(Data excerpts)
────────

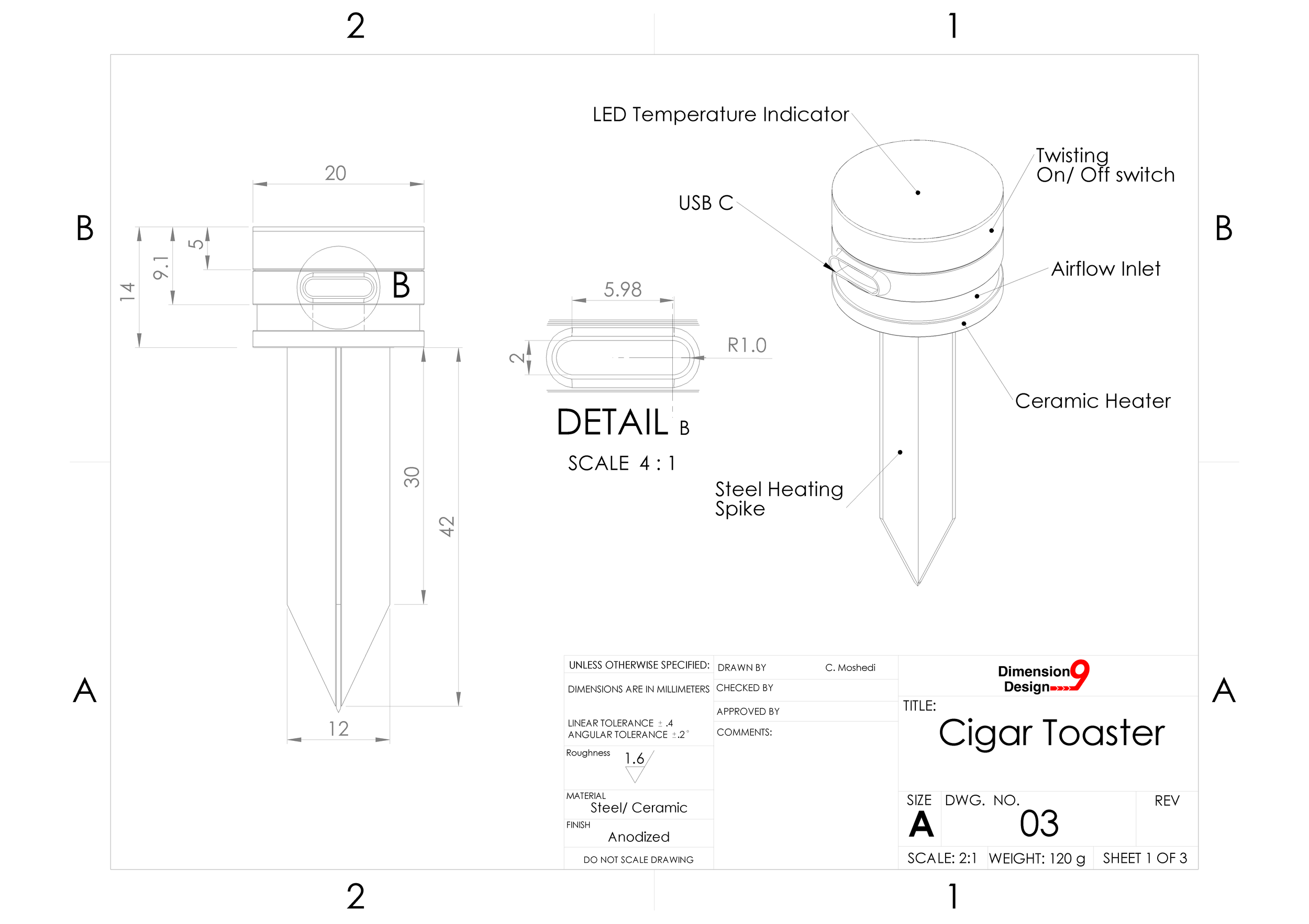Placing a ceramic heater in such a small device proves a challenge. We can strategically place the airflow inlet to ensure the battery doesn’t overheat.
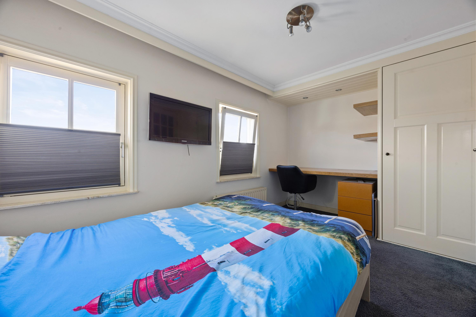 Op de eerste verdieping zijn drie ruime slaapkamers en een tweede badkamer te vinden. De tweede verdieping is ingericht als vijfde slaapkamer en biedt volop mogelijkheden als logeerkamer, werkruimte of tienerkamer.
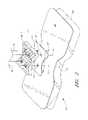 FIG. 3 is an exploded view of the base, pad and backing of the device ofFIGS. 1 and 2 illustrating a pair of flexible strands extending through aligned holes in the base and pad;
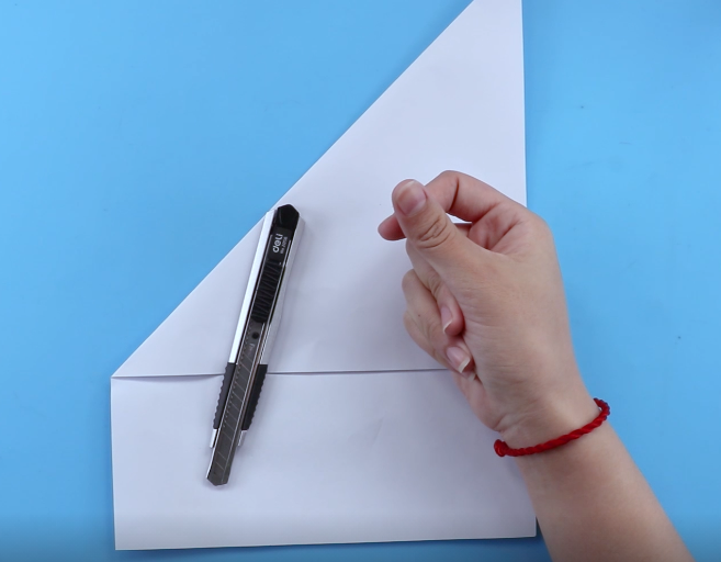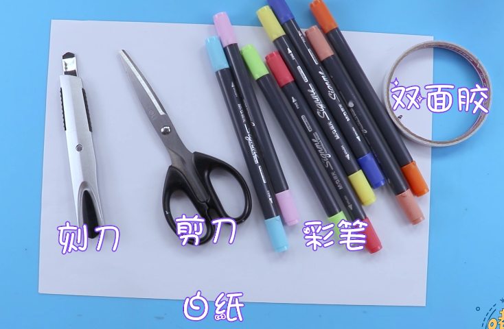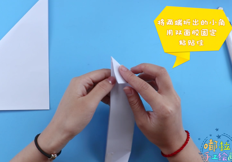 1将白纸折叠并用剪刀剪下多余的长方条,将剪下的长方条两端折出的小角用双面胶固定;
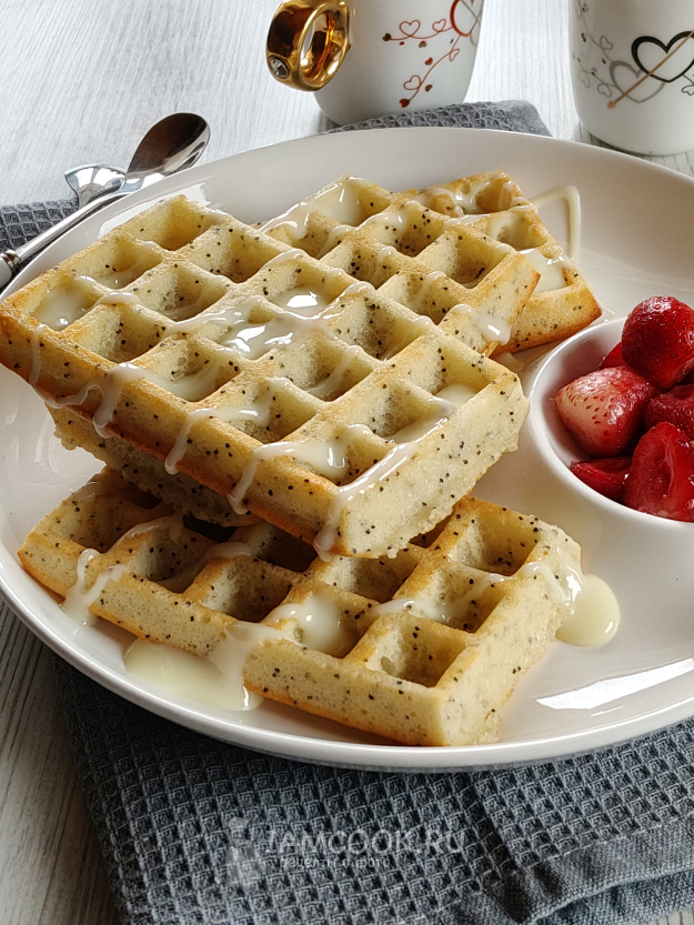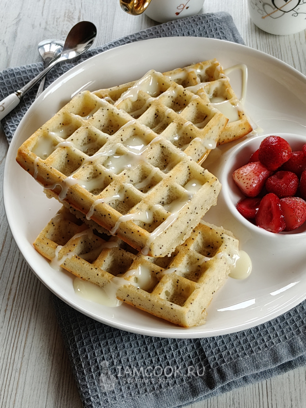 Подать вафли в теплом или остывшем виде.
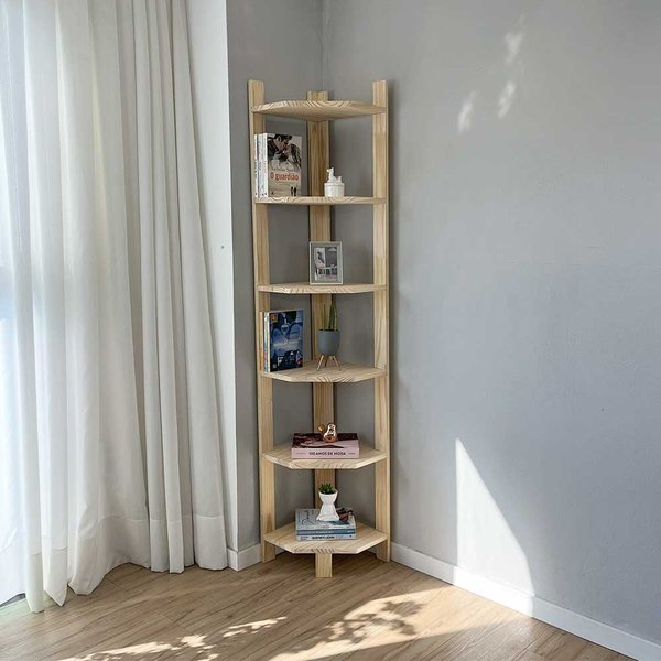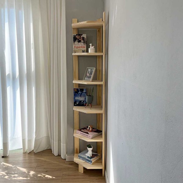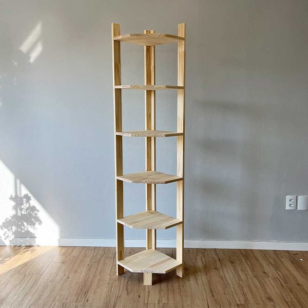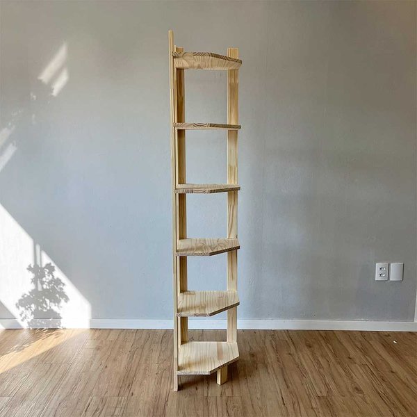 Estante de Canto Linea Natural: 6 Prateleiras em Madeira Maciça de Pinus
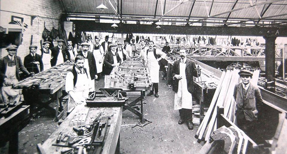 These establishments, totalling at least 43, were set up to manufacture light calibration shell casings. They were run by Munitions Committees who organised themselves throughout the country. The members of these committees comprised the senior management of smaller engineering firms, many of which had previously acted as sub-contractors to the large national armament companies. The first of the NSFs was established in the Leeds area where a number of engineering companies co-operated with the production of light shells. Each NSF was run by a local board of management that represented the main engineering companies in the area. The urgency of initial demand for shells necessitated that factories were established in existing buildings such as railway workshops, textile mills and tramway depots.
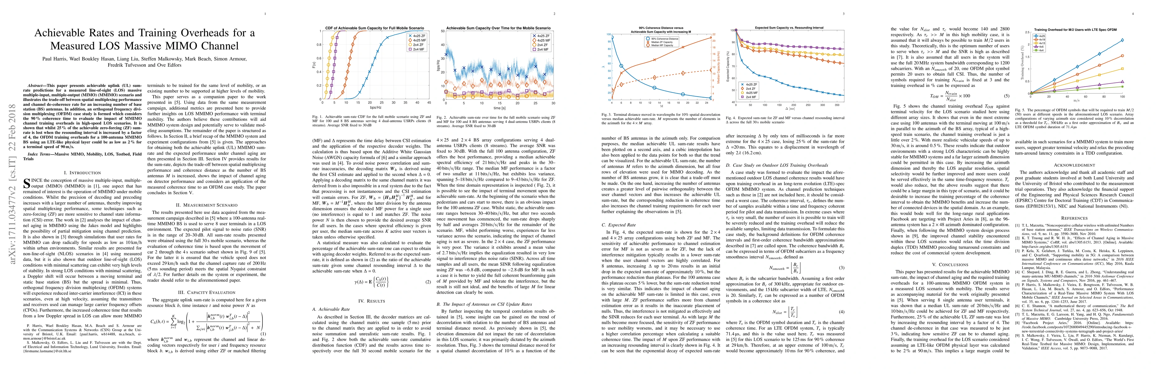 Researchers found that for a 100-antenna massive MIMO base station in a high-speed line-of-sight scenario, the achievable uplink sumrate can be as high as 90% of its theoretical maximum with only 2% training overheads. This suggests efficient channel training and improved performance in real-world conditions.

────────

Please print every record exactly as written, without the pictures.

SOLUTION BELOW ::
Placing a ceramic heater in such a small device proves a challenge. We can strategically place the airflow inlet to ensure the battery doesn’t overheat.
 Op de eerste verdieping zijn drie ruime slaapkamers en een tweede badkamer te vinden. De tweede verdieping is ingericht als vijfde slaapkamer en biedt volop mogelijkheden als logeerkamer, werkruimte of tienerkamer.
 FIG. 3 is an exploded view of the base, pad and backing of the device ofFIGS. 1 and 2 illustrating a pair of flexible strands extending through aligned holes in the base and pad;
 1将白纸折叠并用剪刀剪下多余的长方条,将剪下的长方条两端折出的小角用双面胶固定;
 Подать вафли в теплом или остывшем виде.
 Estante de Canto Linea Natural: 6 Prateleiras em Madeira Maciça de Pinus
 These establishments, totalling at least 43, were set up to manufacture light calibration shell casings. They were run by Munitions Committees who organised themselves throughout the country. The members of these committees comprised the senior management of smaller engineering firms, many of which had previously acted as sub-contractors to the large national armament companies. The first of the NSFs was established in the Leeds area where a number of engineering companies co-operated with the production of light shells. Each NSF was run by a local board of management that represented the main engineering companies in the area. The urgency of initial demand for shells necessitated that factories were established in existing buildings such as railway workshops, textile mills and tramway depots.
 Researchers found that for a 100-antenna massive MIMO base station in a high-speed line-of-sight scenario, the achievable uplink sumrate can be as high as 90% of its theoretical maximum with only 2% training overheads. This suggests efficient channel training and improved performance in real-world conditions.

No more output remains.